Start of INFORMATION SUPPLIED
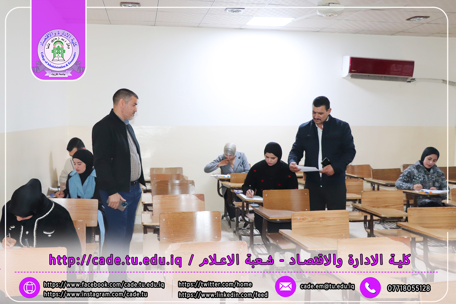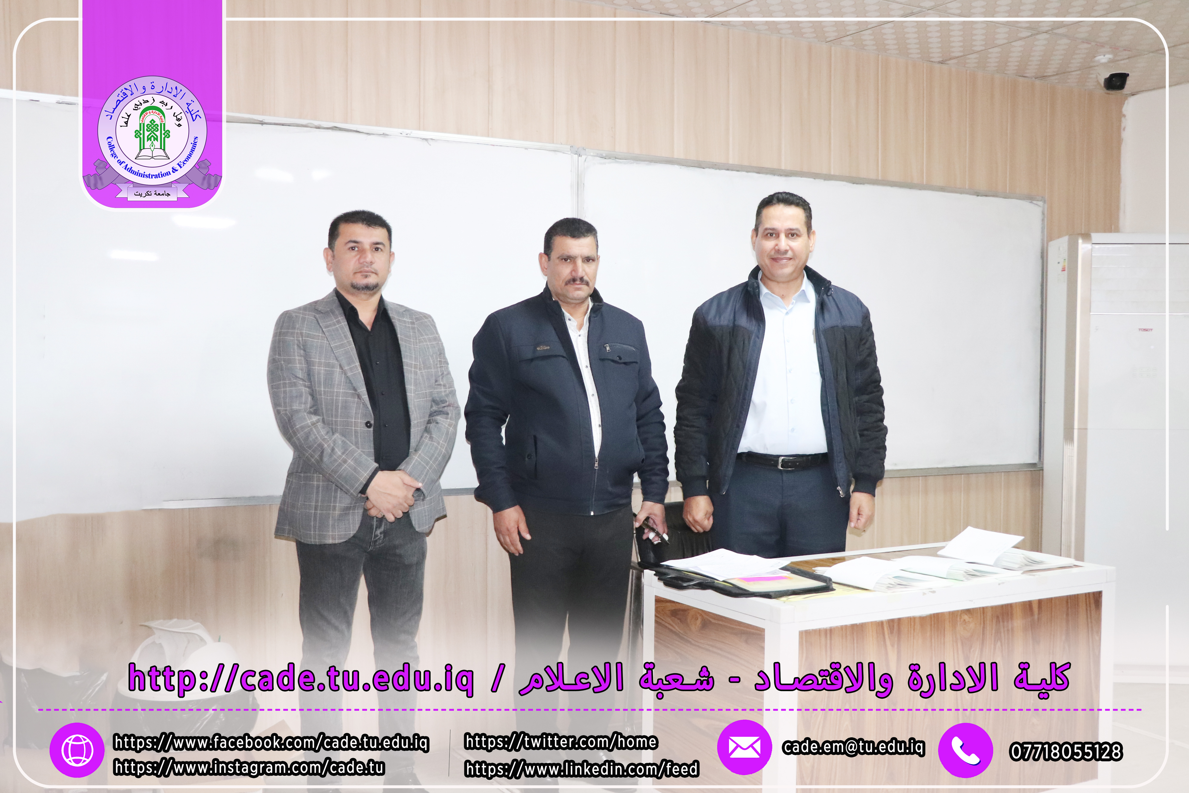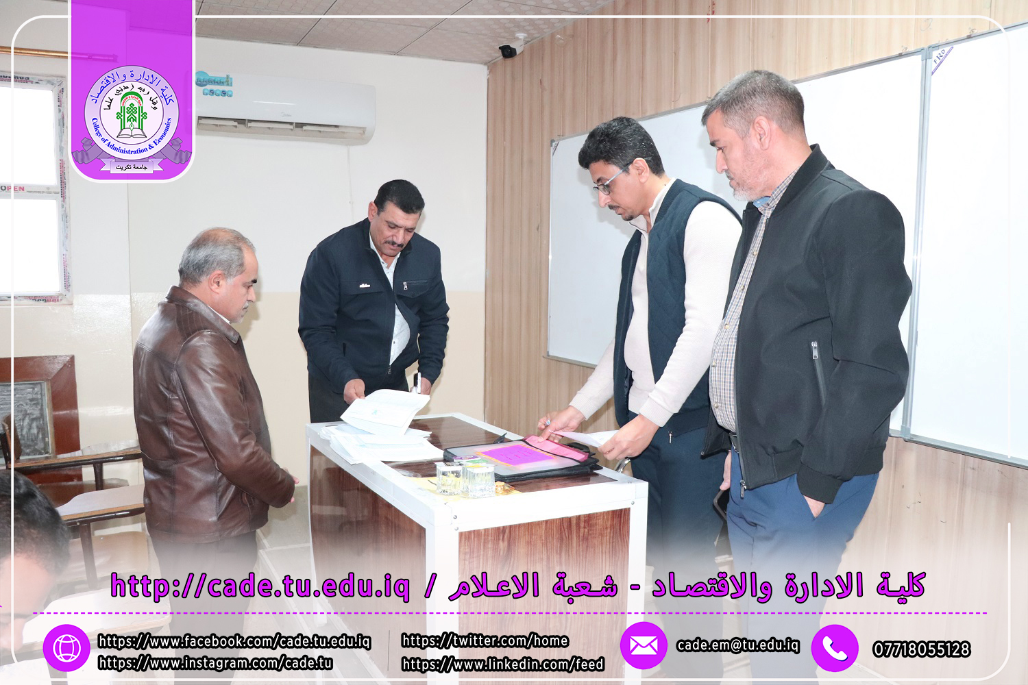 استقبل الأستاذ الدكتور عبدالرزاق حمد حسين، عميد كلية الإدارة والاقتصاد، وبرفقة المدرس المساعد أحمد عايد مخلف، معاون العميد للشؤون الإدارية، اللجنة المركزية الخاصة بمتابعة سير الامتحانات النهائية للفصل الدراسي الأول/ الدور الأول، برئاسة الأستاذ المساعد الدكتور قادر عبد الله شناك، احد اعضاء اللجنة المركزية من رئاسة جامعة تكريت، وذلك يوم السبت الموافق 2024/12/28.
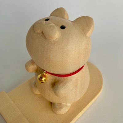スマホスタンドになる木彫りの鈴ネコ
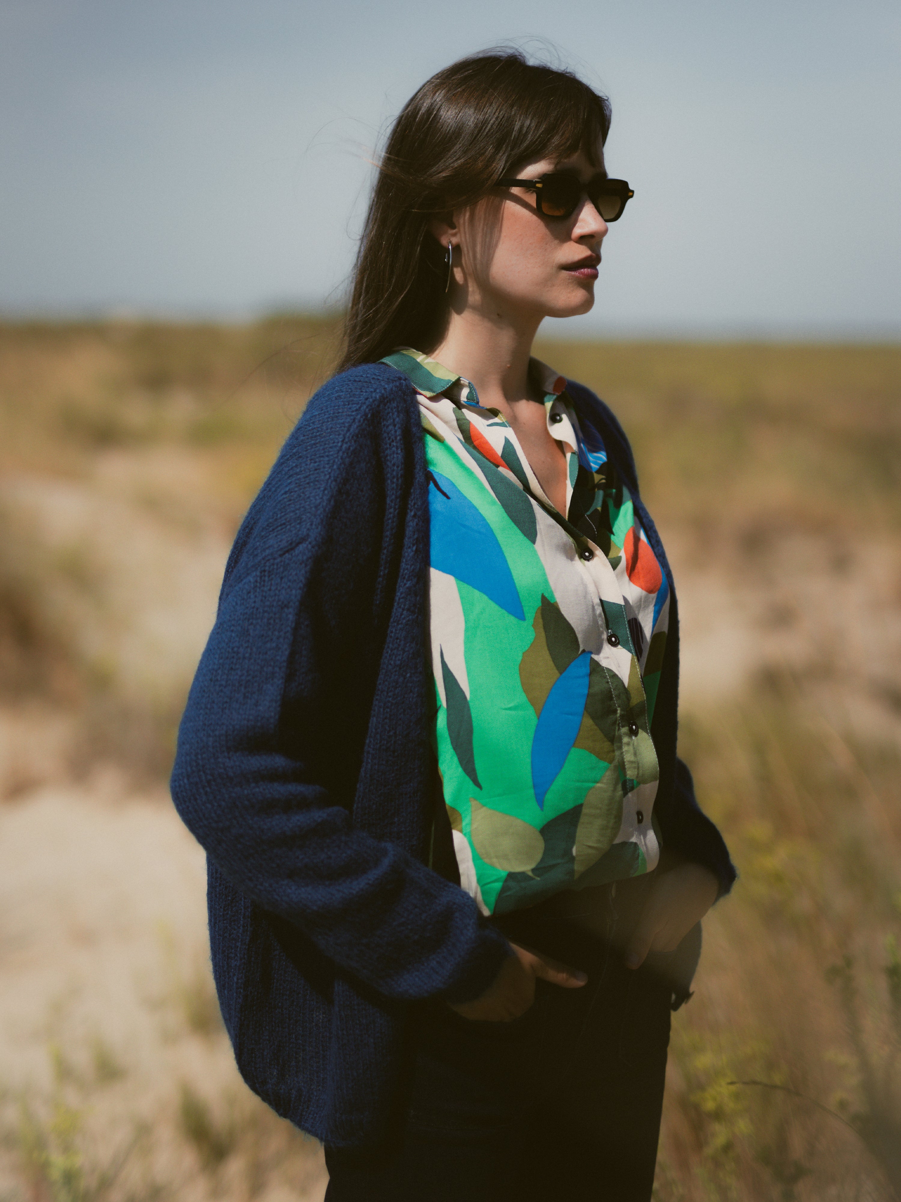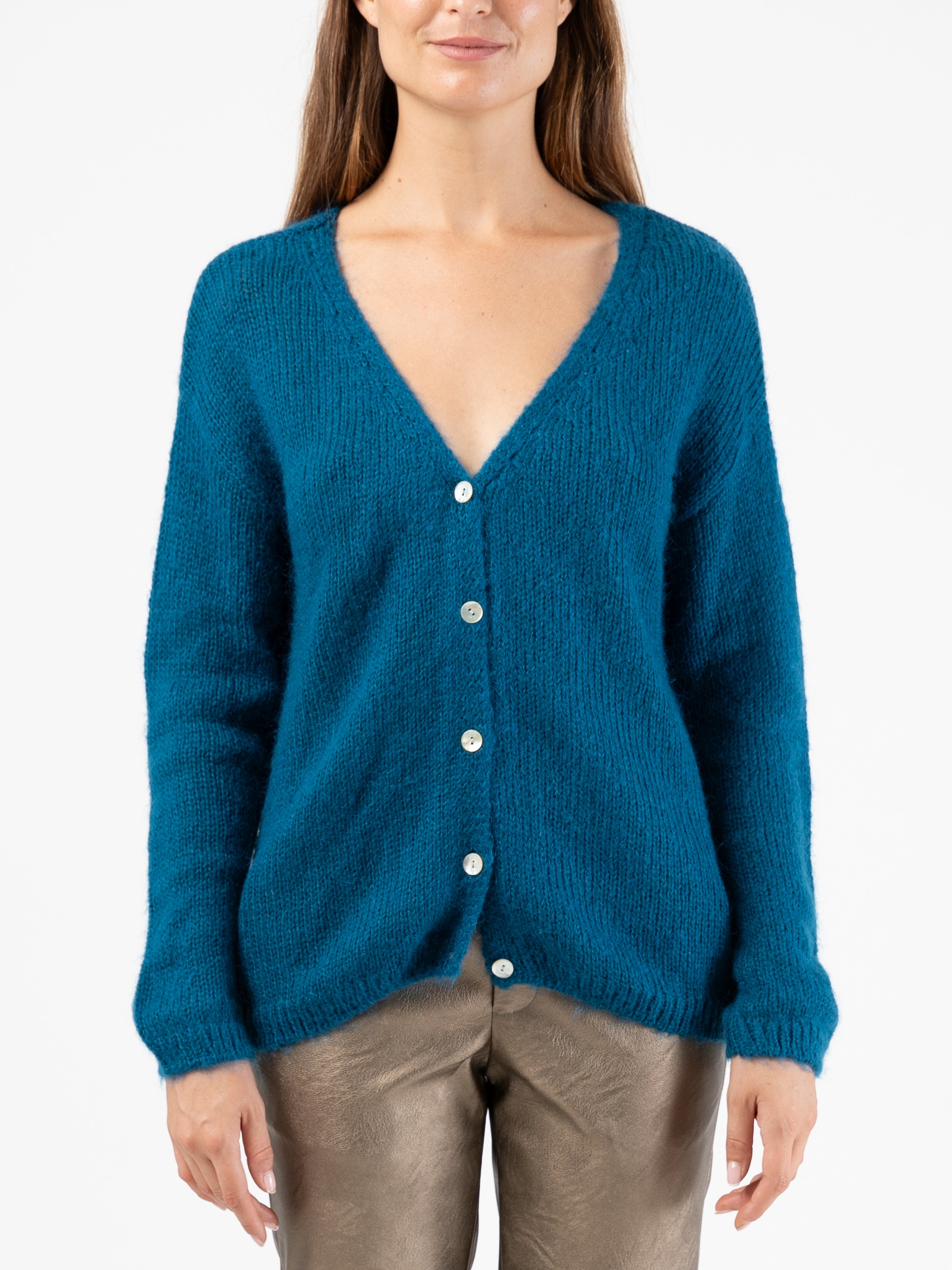Ce cardigan boutonné en nacre allie simplicité et chic pour un style polyvalent. Idéal pour superposer, sa coupe droite et ses épaules tombantes apportent une allure décontractée et raffinée.
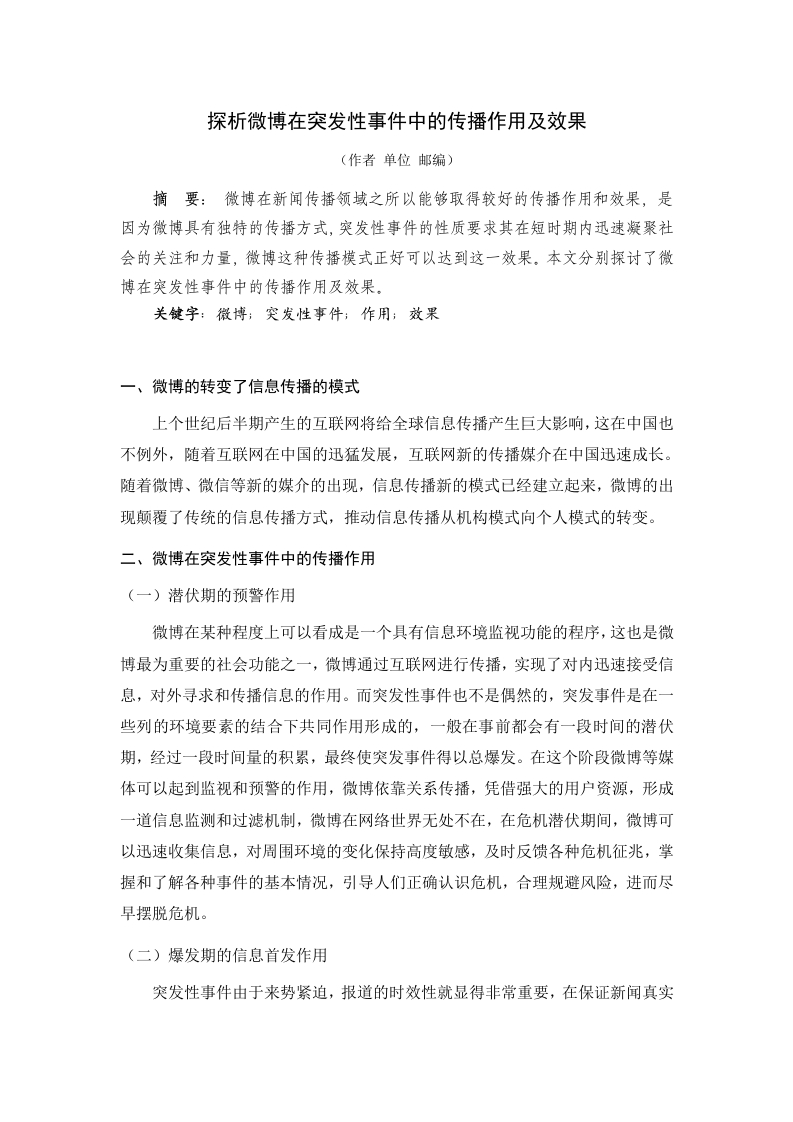 探析微博在突发性事件中的传播作用及效果(作者单位邮编)摘要:微博在新闻传播领域之所以能够取得较好的传播作用和效果,是因为微博具有独特的传播方式,突发性事件的性质要求其在短时期内迅速凝聚社会的关注和力量,微博这种传播模式正好可以达到这一效果。本文分别探讨了微博在突发性事件中的传播作用及效果。关键字:微博;突发性事件;作用;效果一、微博的转变了信息传播的模式上个世纪后半期产生的互联网将给全球信息传播产生巨大影响,这在中国也不例外,随着互联网在中国的迅猛发展,互联网新的传播媒介在中国迅速成长。随着微博、微信等新的媒介的出现,信息传播新的模式已经建立起来,微博的出现颠覆了传统的信息传播方式,推动信息传播从机构模式向个人模式的转变。二、微博在突发性事件中的传播作用(一)潜伏期的预警作用微博在某种程度上可以看成是一个具有信息环境监视功能的程序,这也是微博最为重要的社会功能之一,微博通过互联网进行传播,实现了对内迅速接受信息,对外寻求和传播信息的作用。而突发性事件也不是偶然的,突发事件是在一些列的环境要素的结合下共同作用形成的,一般在事前都会有一段时间的潜伏期,经过一段时间量的积累,最终使突发事件得以总爆发。在这个阶段微博等媒体可以起到监视和预警的作用,微博依靠关系传播,凭借强大的用户资源,形成一道信息监测和过滤机制,微博在网络世界无处不在,在危机潜伏期间,微博可以迅速收集信息,对周围环境的变化保持高度敏感,及时反馈各种危机征兆,掌握和了解各种事件的基本情况,引导人们正确认识危机,合理规避风险,进而尽早摆脱危机。(二)爆发期的信息首发作用突发性事件由于来势紧迫,报道的时效性就显得非常重要,在保证新闻真实的基础上做到最迅速的报道是媒体一直以来的追求,突发性事件爆发初期,由于大家对事件还不了解,信息不畅通容易引起内心人们的内心恐慌,在这个阶段新闻传播的速度成为最迫切的要求。微博与其它媒介相比,即时性是其最大的特点,也是其具有的重大优势,尤其在突发事件传播上,微博以亿万基数的网民为基础,在第一时间内向周围扩散信息,微博改变了传统媒体对事件的传播方式。(三)扩散期的助推问题解决作用突发事件涉及到社会生活的各个领域,在危机扩散期,社会各个方面的时间需要进一步了解,对事情的进展需要进一步把握,故而需要媒体对突发性事件进行跟踪报道。在事件的扩散期,媒体需要挖掘事件的深度,挖掘事件背后深层次的原因,微博的在这一阶段的主要优势是其可以进行全方位、多层次、多角度的信息传播,具有传统媒体不具有的优势,微博全景式的报道可以满足各方面的信息需求,动员社会底层力量,进而达到促进事件解决的目的,首先,微博可以突发性事件打破的人民的心理平衡进行抚慰,突发事件的突发性造成短时间内信息流通的空白,微博正好可以以其快速动员能力打破这一空白,同时,由于突发性事件给人们精神带来的冲击,甚至会给人们的心理带来创伤,微博迅速凝聚社会力量,进而起到推动事件解决的目的:其次,微博可以迅速凝聚社会各界力量,弥补突发性事件造成的危害,在危机扩散阶段,突发性事件的影响会迅速扩散,需要在短时间内调到各种力量,而媒体尤其是微博就成为最佳的凝聚力量的平台,微博融合了多种传播渠道,汇集的信息较为全面,参与的人数众多,能在短时间内形成讨论的焦点和热点。三、微博在突发性事件中的传播效果(一)个人成为信息的制造者和传播者微博真正实现了信息传播的个人化。过去信息传播一般是信息制造者找到信息传播机构,信息传播机构再把信息传播出去。这个过程不仅在时间上非常漫长,而且信息制造者需要向信息传播机构支付巨额的费用。而微博注册的门槛较低,不需要任何费用,信息发布只需发布者个人把关,而无需其它任何监管机构或个人的审核,故而形成“人人都是麦克风”的效果。微博信息不仅传播方便,而且评论也方便,近年来微博在玉树地震以及江西“宜黄事件”中表现了自己独特的传播效率和传播作用。(二)信息传播的裂变式效果微博信息传播没有把关人,这和传统的信息传播有很大不同,微博信息可以事先多种传播模式,传播者可以任意选择一对一、一对多、多对多的传播模式,每个上微博的人既可以成为信息传播的起点,也可以成为信息传播的终点,这种传播速度和传播模式,是以为其它任何媒体都无法比拟的,具有重要的及时性优势,超出了以往任何媒介的传播速度和广度,信息能在一个短时期能得到迅速的传播,有时一个在一天之内可以实现百万次的传播,万人以上的评论,实现了信息的裂变式传播,代表互联网技术下信息传播的特点。(三)信息互动及时性效果微博由于其门槛低,信息发布也没有监管者,故而微博在本质上可以看成是一个互动平台,每个个体都可以经营自己的微博,经营较好的微博在一定时期后会有一批忠实的粉丝,这些分析可以博主可以通过多种形式进行互动交流。另外,微博的另一个优势是场外的观众可以通过媒体公布的具有公信力的官方微博和传统媒体进行互动,微博和传动媒体的结合在一系列突发事件中变现出了良好效果,传统媒体可以通过微博及时收集到最新信息,了解一线人群的最新的动态,而且,传
End of INFORMATION SUPPLIED
### YOUR TASK
Nothing but the lines above from the one that has "スマホスタンドになる木彫りの鈴ネコ" down to the one that has "Ce cardigan boutonné" belongs in the answer, copied exactly, without pictures.

### EXERCISE SOLUTION
スマホスタンドになる木彫りの鈴ネコ
Ce cardigan boutonné en nacre allie simplicité et chic pour un style polyvalent. Idéal pour superposer, sa coupe droite et ses épaules tombantes apportent une allure décontractée et raffinée.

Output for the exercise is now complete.